Shapes and Patterns was first released in Japan in March 1997, and then in Europe and USA the year after. Producer Paul O'Duffy, who co-wrote half of the songs, was back at the helm. As an orchestra was once again employed (led by Gavyn Wright), the lush arrangements characteristic of Kaleidoscope World resurfaced. The liner notes, written by composer/singer-songwriter Mary Edwards, point out the influences of Bacharach, Webb, and John Barry are perceptible in the string arrangements and Latin rhythms, as well as Minnie Riperton, Rotary Connection, and The 5th Dimension.
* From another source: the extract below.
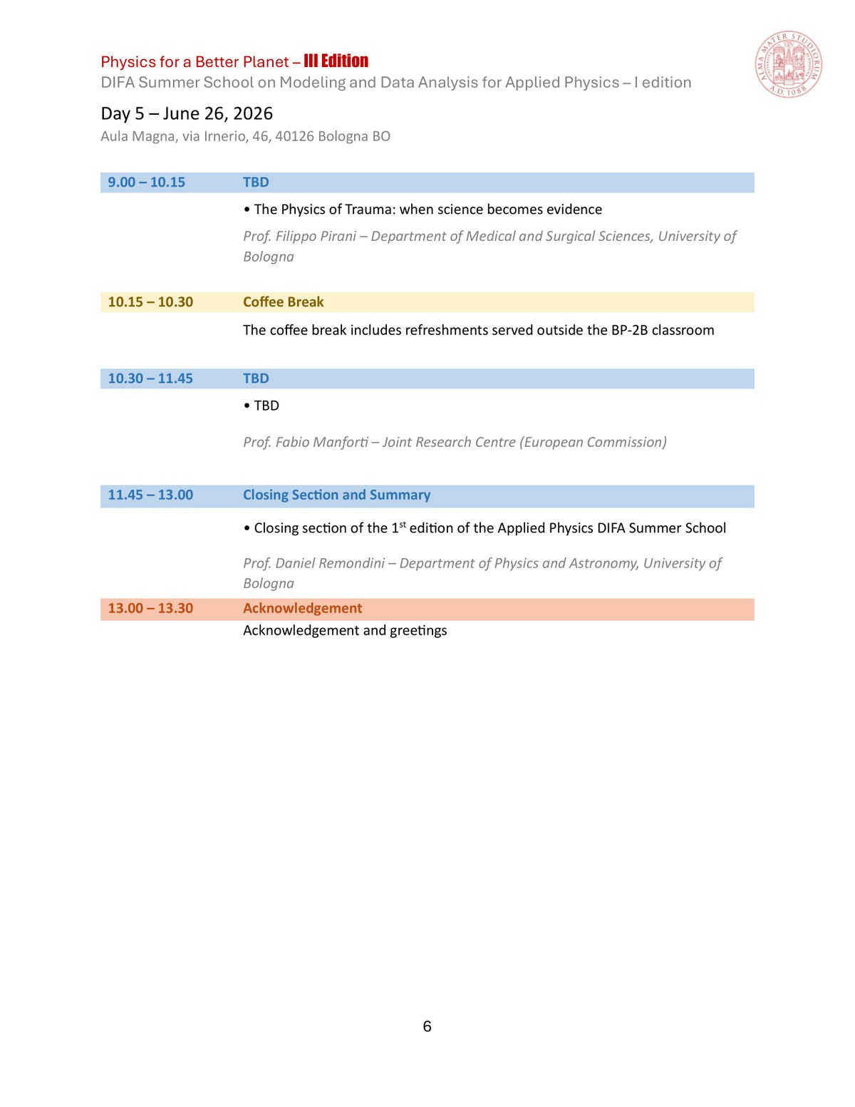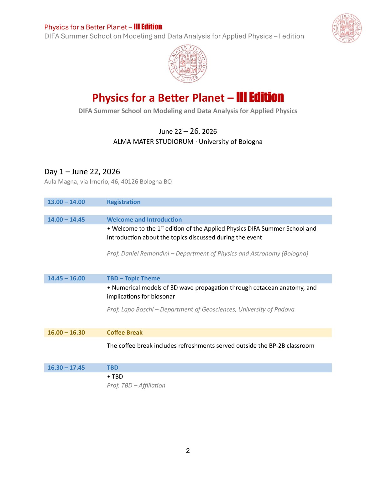 The opening lectures on June 22, 2026, and the closing lectures on June 26, 2026, will be held in the Aula Magna at the Department of Physics and Astronomy, located at Via Irnerio 46.

The album included a cover of Laura Nyro's "Stoned Soul Picnic" as well as the original version of "Better Make It Better", which appeared in a different mix on their previous album. A pervasive longing marks songs such as "Now You're Not Here", "Somewhere in the World" (their final US chart entry to date), "You Already Know", and "Icy Cold as Winter". This album would also mark the beginning of the duo's use of Japanese musicians in their studio sessions.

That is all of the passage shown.